## 📊 What is Cross-Validation Score?

**Cross-validation score** refers to the performance metric(s) you get when evaluating a model using cross-validation rather than a single train/test split. In `scikit-learn`, the helper function `cross_val_score()` automates this process.

---

###  K-Fold Splitting
- Your dataset is split into **K** equally (or nearly equally) sized **folds**.
- For each of the **K** iterations:
  - One fold is held out as the **validation set**.
  - The model is trained on the remaining **K – 1** folds.

---

### Model Evaluation
- After training, the model is scored on the validation fold using your chosen metric (e.g., R², mean squared error, accuracy).
- This process repeats for each fold, producing **K separate scores**.

---

###  Aggregating Results
- `cross_val_score()` returns an array of the **K scores**.
- You typically compute:
  - The **mean score**: to estimate overall model performance.
  - The **standard deviation**: to assess score variability across folds.

---

This method provides a more reliable measure of model performance and helps detect overfitting or instability due to random splits.


In [1]:
from sklearn import datasets
from sklearn.linear_model import LogisticRegression
from sklearn.ensemble import RandomForestClassifier
from sklearn.svm import SVC
from sklearn.model_selection import cross_val_score

##Load the iris dataset from Sklearn Datasets

In [2]:
iris = datasets.load_iris()

##Explore the Structure of the Digits Dataset

In [3]:
dir(iris)

['DESCR',
 'data',
 'data_module',
 'feature_names',
 'filename',
 'frame',
 'target',
 'target_names']

## 🌳 Cross-Validation with Random Forest Classifier

In this step, we use `cross_val_score()` to evaluate a `RandomForestClassifier` with 35 decision trees (`n_estimators=35`) on the Iris dataset.
Performed `5 fold cross Validation` and used the `R^2` scoring method.
This method splits the data into multiple folds and returns accuracy scores for each fold.


In [4]:
rf = cross_val_score(RandomForestClassifier(n_estimators=35),iris.data, iris.target,cv=5, scoring='r2')


In [5]:
print("Fold-wise scores:", rf)
print("Average accuracy:", rf.mean())

Fold-wise scores: [0.95 0.95 0.9  0.85 1.  ]
Average accuracy: 0.93


## 🧪 Cross-Validation with Support Vector Classifier (SVC)

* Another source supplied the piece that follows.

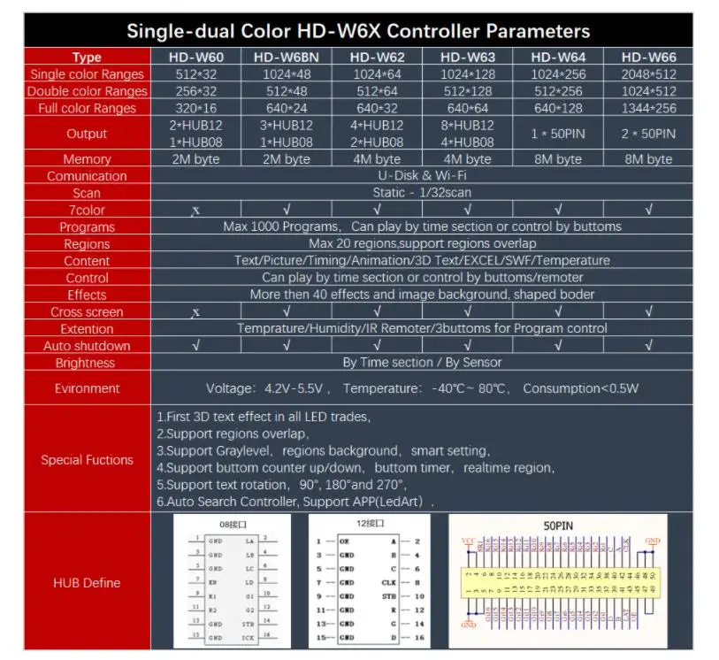 Huidu HD-W66 2*50 Pin 2048*512 WIFI + Ethernet + USB порт один и двойной цвет семицветный светодиодный контроллер экрана заменить HD-E66

Here, we evaluate an `SVC` (Support Vector Classifier) on the Iris dataset using `cross_val_score()`.

This approach splits the data into multiple folds (by default 5) and trains/tests the model across each fold to assess its generalization performance.

Below, we print the accuracy scores for each fold.


In [6]:
svm = cross_val_score(SVC(),iris.data, iris.target, scoring='r2')


In [7]:
print("Fold-wise scores:", svm)
print("Average accuracy:", svm.mean())

Fold-wise scores: [0.95 0.95 0.95 0.9  1.  ]
Average accuracy: 0.95


## 📦 Cross-Validation with Logistic Regression

In this section, we evaluate a `LogisticRegression` model on the Iris dataset using `cross_val_score()`.

Since logistic regression may require multiple iterations to converge on some datasets, we specify `max_iter=150` to ensure convergence.

The result is a list of accuracy scores from each fold, providing a more robust measure of model performance.


In [8]:
lr = cross_val_score(LogisticRegression(max_iter=150),iris.data, iris.target, cv=5, scoring='r2')


In [10]:
print("Fold-wise scores:", lr)
print("Average accuracy:", lr.mean())

Fold-wise scores: [0.95 1.   0.9  0.95 1.  ]
Average accuracy: 0.96


So it seems like Logistic Regression got the highest mean accuracy of above all models.